PROBLEM >> For this exercise, retype all the data exactly and exclude every image.

___ SUPPLIED MATERIAL

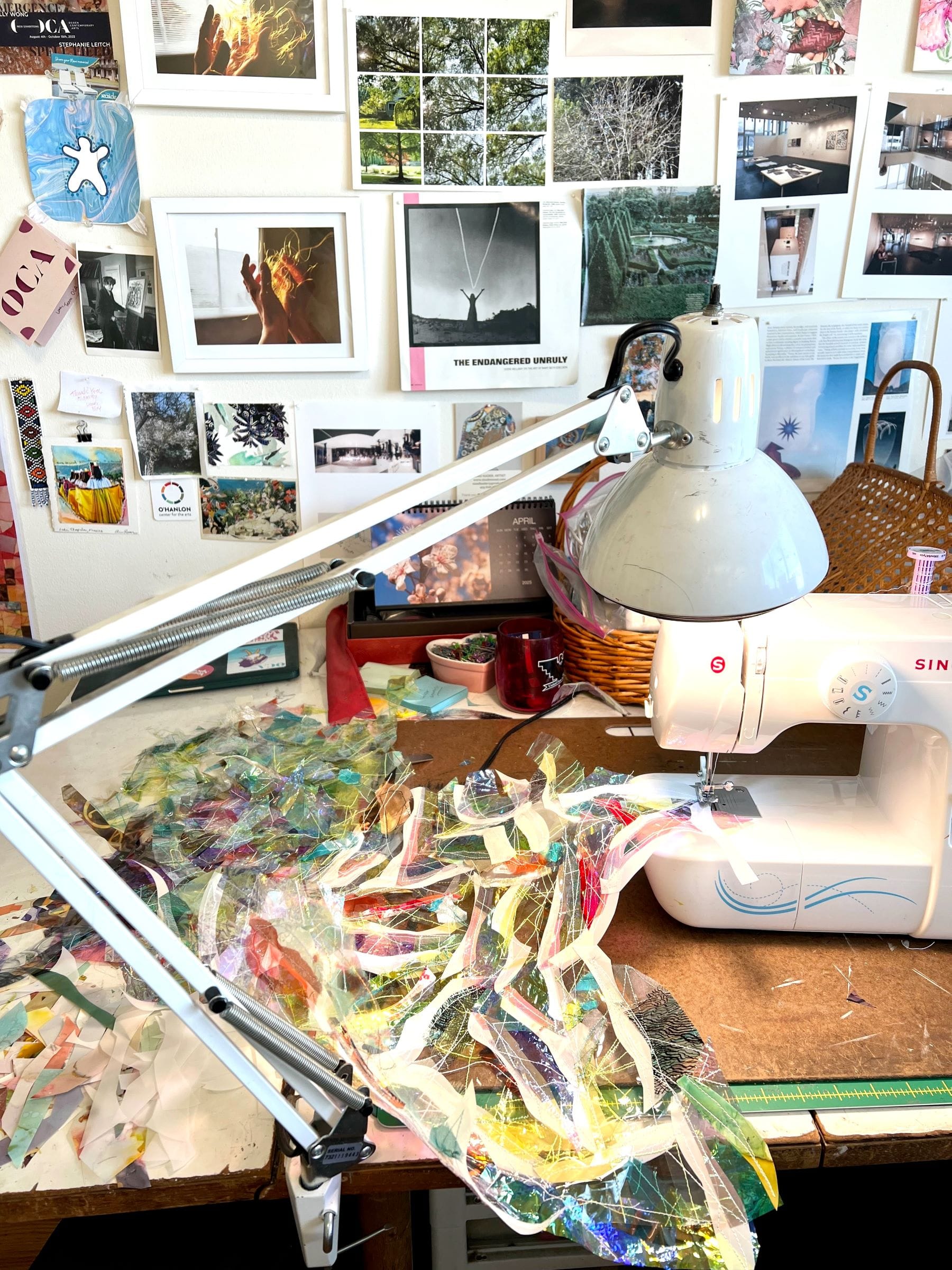 I love working with dichroic film and silk organza. The light reflective quality of these materials is so inspiring to use in my fiber installations.
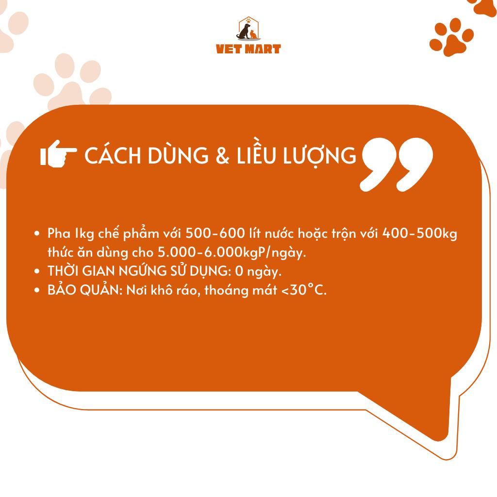 - Dùng kết hợp hỗ trợ trị bệnh nhiễm khuẩn, suy dinh dưỡng, đặc biệt khi chữa bệnh cầu trùng, , phó thương hàn, Gumboro, hội chứng tai xanh (PRRS)… ️CÁCH DÙNG VÀ LIỀU LƯỢNG: Pha 1kg chế phẩm với 500-600 lít nước hoặc trộn với 400-500kg thức ăn dùng cho 5.000-6.000kgP/ngày. THỜI GIAN NGỨNG SỬ DỤNG: 0 ngày. BẢO QUẢN: Nơi khô ráo, thoáng mát <30°C. ️CHÍNH SÁCH ĐỔI TRẢ VET MART xin phép hỗ trợ khách hàng đổi trả sản phẩm trong trường hợp: Bước 1: Cung cấp clip & hình chụp tất cả sản phẩm khách nhận được, và nhắn tin cho shop Bước 2: Shop sẽ hỗ trợ gửi lại hàng cho khách nếu THIẾU sản phẩm. Và shop sẽ hỗ trợ đổi trả sản phẩm 1-1 nếu gửi SAI MẪU, sản phẩm lỗi do phía nhà sản xuất Tất cả chi phí phát sinh, shop sẽ chịu Lưu ý:
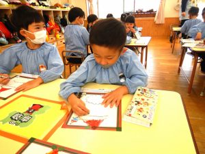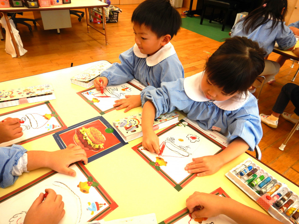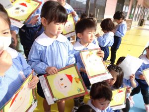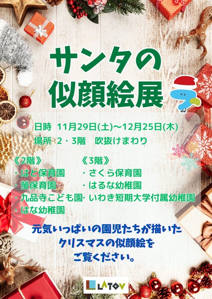 この度、いわき駅前再開発ビルLATOV[ラトブ]さんより「サンタの似顔絵」を描いてほしいとのご依頼をいただきまして、3歳児クラス以上(きく・ゆり・ひまわり組)の子どもたちがサンタさんのお顔🎅を描きました。

______

RESPONSE TO THE TASK >>
 I love working with dichroic film and silk organza. The light reflective quality of these materials is so inspiring to use in my fiber installations.
 - Dùng kết hợp hỗ trợ trị bệnh nhiễm khuẩn, suy dinh dưỡng, đặc biệt khi chữa bệnh cầu trùng, , phó thương hàn, Gumboro, hội chứng tai xanh (PRRS)… ️CÁCH DÙNG VÀ LIỀU LƯỢNG: Pha 1kg chế phẩm với 500-600 lít nước hoặc trộn với 400-500kg thức ăn dùng cho 5.000-6.000kgP/ngày. THỜI GIAN NGỨNG SỬ DỤNG: 0 ngày. BẢO QUẢN: Nơi khô ráo, thoáng mát <30°C. ️CHÍNH SÁCH ĐỔI TRẢ VET MART xin phép hỗ trợ khách hàng đổi trả sản phẩm trong trường hợp: Bước 1: Cung cấp clip & hình chụp tất cả sản phẩm khách nhận được, và nhắn tin cho shop Bước 2: Shop sẽ hỗ trợ gửi lại hàng cho khách nếu THIẾU sản phẩm. Và shop sẽ hỗ trợ đổi trả sản phẩm 1-1 nếu gửi SAI MẪU, sản phẩm lỗi do phía nhà sản xuất Tất cả chi phí phát sinh, shop sẽ chịu Lưu ý:
 この度、いわき駅前再開発ビルLATOV[ラトブ]さんより「サンタの似顔絵」を描いてほしいとのご依頼をいただきまして、3歳児クラス以上(きく・ゆり・ひまわり組)の子どもたちがサンタさんのお顔🎅を描きました。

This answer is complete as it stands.